BUSINESS

Trade promises and geopolitical reality in US–India relations

Thursday, 05 Feb, 2026
(AI-generated photo)

By M A Hossain

When Donald Trump announces a deal, it is usually large, immediate, and framed as historic. When Narendra Modi responds, it is usually careful, affirmative in tone, and precise in omission. The latest claim—that India is abandoning Russian oil in exchange for a modest reduction in US tariffs—fits this familiar pattern. It invites a basic but necessary question: Is this a genuine geopolitical pivot by India, or another episode of Trumpian trade theater dressed up as strategy?

Trump’s assertion is straightforward. After a call with Modi, the United States would reduce tariffs on Indian goods from 25% to 18%. In return, India would stop buying Russian oil, eliminate all tariffs and non-tariff barriers on American goods, and commit to purchasing over $500 billion worth of US energy, technology, agriculture, coal, and other products. Trump framed the deal as a triumph for trade, friendship, and even peace—specifically peace in Ukraine.

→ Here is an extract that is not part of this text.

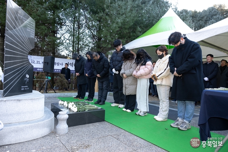 제천화재참사 발생 8주기 추모식에서 희생자들을 추모하는 유가족.

Modi confirmed the tariff reduction and welcomed improved trade relations. What he did not confirm matters more than what he did. There was no endorsement of the claim that India would fully cut off Russian oil. In diplomacy, silence is rarely accidental. It is often the policy.

India’s position on energy has been consistent since the start of the Ukraine war. Energy security is national security. India is the world’s third-largest oil importer. It cannot afford ideological purity in its energy mix. In 2022, when Western governments urged New Delhi to shun Russian oil, India declined. It argued—correctly—that global energy markets were unstable and that its primary obligation was to protect domestic consumers from inflation and supply shocks. When Trump made a similar claim in late 2025 that India had promised to stop buying Russian oil, India’s foreign ministry publicly pushed back. The logic then has not changed now.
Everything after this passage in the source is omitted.